Слух о присылке в Чердынь грозного воеводы был достоверен: точно в столицу великой Перми прибыл Воин Аничков, один из любимых опричников Иоанновых. Странно было только то, что сей надменный, по-видимому неустрашимый, воевода медлил, как будто от страха, объявить Строганову царскую волю.

Там в это время, в светлице, довольно пространной, но ничем не отличающейся от нынешних белых изб крестьянских, ходил мерными шагами взад и вперед тучный мужчина лет сорока, с лысой головой, лукавым взглядом, неприятной наружности. По временам кидал он радостные взоры на раскрытый железный сундук, где сверху множества свертков виден был лубок, завязанный красным шнурком, и восклицал: «Подожди, именитый скряга, выучим тебя уважать царского воеводу, собьем спесь. Рад будешь поделиться последним алтыном, да лих поздно!» Потом, подумав, он продолжал говорить с собой: «Удивительно, непонятно, для чего Аничков медлит показать мне и отвести к нему опальную грамоту? Все завтра да завтра! Уж побоится ли он головореза Ситского, а теперь-то бы, захватив его, и потешит батюшку царя, или скрывает он от меня какие ни есть тайные повеления? Надобно испытать». Говоря это, толстяк несколько раз останавливался у красного окошка и пытался теплым дыханием своим сделать проталину на крепкой ледяной коре, покрывавшей стекло. Когда удалось ему прочистить там скважинку, то припал он к окошку и долго смотрел в нее, делая по временам скромные возгласы: «Плут! Мошенник! Предатель! Постой, будешь скоро в моих руках». Проглядел ли он, или Ласка подошел невидимкой, только не успел он отскочить от своего поста и принять обычную свою личину, когда сей последний проговорил уже полное донесение от отъезде Грозы из Каргедана.

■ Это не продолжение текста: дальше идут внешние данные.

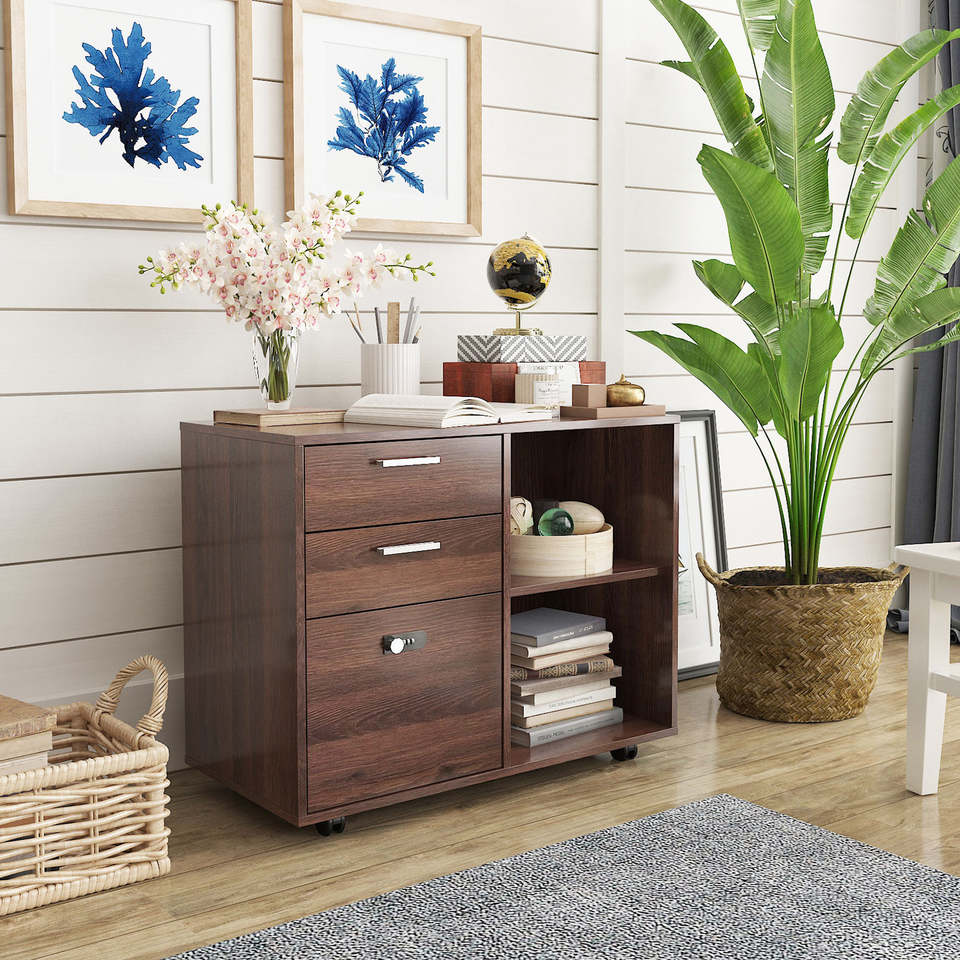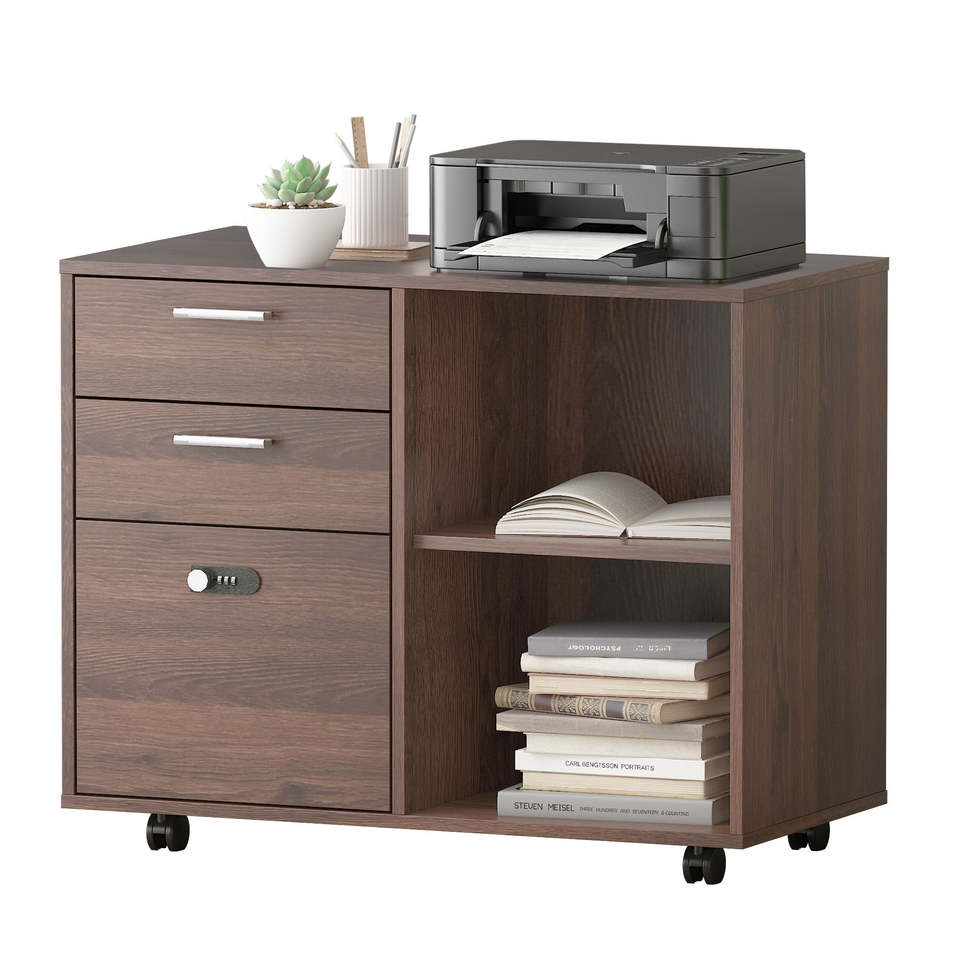โต๊ะทำงานที่บ้าน3ลิ้นชักตู้เก็บเอกสารด้านข้างพร้อมล็อกขาตั้งเครื่องพิมพ์แบบเปิด
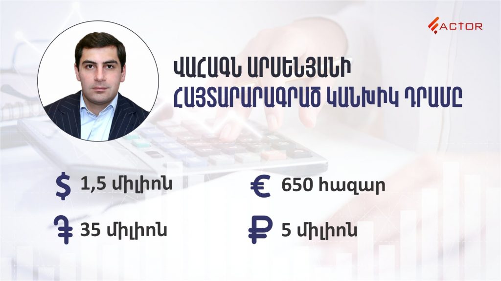 Բնակարաններ Երևանի Կենտրոնում և ԱՄԷ-ում, թանկարժեք ժամացույցներ, 1,5 միլիոն դոլար կանխիկ, հանգստի համար ծախսված ավելի քան 170 միլիոն դրամ։ Factor.am-ն ուսումնասիրել է այսօր՝ հոկտեմբերի 9-ին, Վայոց ձորի մարզպետի պաշտոնում նշանակված Վահագն Արսենյանի՝ Կոռուպցիայի կանխարգելման հանձնաժողով ներկայացրած վերջին հայտարարագիրը (2024թ.):
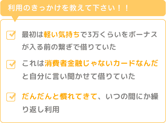 最初は軽い気持ちで3万くらいをボーナスが入る前の繋ぎで借りていました。ショッピングカードとして利用していたので、初めて借りる時は、親からも絶対に消費者金融から借金はするなと言われていたので、ドキドキと罪悪感に苛まれながら、これは消費者金融じゃないカードなんだと自分に言い聞かせて借りていました。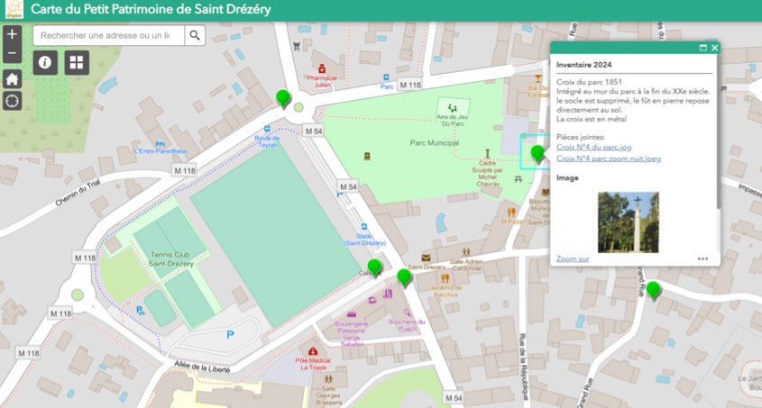 Exemple de cartographie présentant l’emplacement et les photos du patrimoine de Saint-Drézéry

– Тем лучше,  – отвечал толстый человек, в коем читатель, без сомнения, узнал уже давно чердынского воеводу Перепелицына.  – Надобно уведомить Аничкова.  – При этом слове он быстро взглянул на Ласку, но старый плут, угадывая мысли воеводы, не показал ни малейшего изменения в лице и отвечал с хладнокровием:

– Воину Михайловичу невелико до этого дело.

– Как невелико?  – сказал с сердцем Перепелицын.  – Разве не его выжидал он, чтобы ехать в Каргедан?

– Для него все равно, там ли Гроза или нет, а худо то, что допустили его, проклятого, уговорить Строганова всех своих домочадцев, саловаров и крестьян перекрестить в ратники. Им роздал он рогатины, мечи и самопалы. Подумай-ка, теперь не только пелымцы, да сам царь сибирский побоится наскочить на Строганова. Ермак давно подавал ему эту мысль, да поколе я заведовал счетной избой, то все дул в уши старому Денису, чтобы этого не заводить и потому и посему…

– Что ж ты думаешь, разве Строганов посмеет воспротивиться воле царской? Кабы его царское величество приказал мне разделаться с этим бунтовщиком, то…

– То ты сперва бы струсил,  – проворчал Ласка вполголоса, глядя в скважину окна.

– Что ты тут бурчишь про себя?  – спросил с гневом Перепелицын, как будто вслушавшись в его речи.

– То,  – отвечал хладнокровно подьячий,  – что к тебе жалует Воин Михайлович.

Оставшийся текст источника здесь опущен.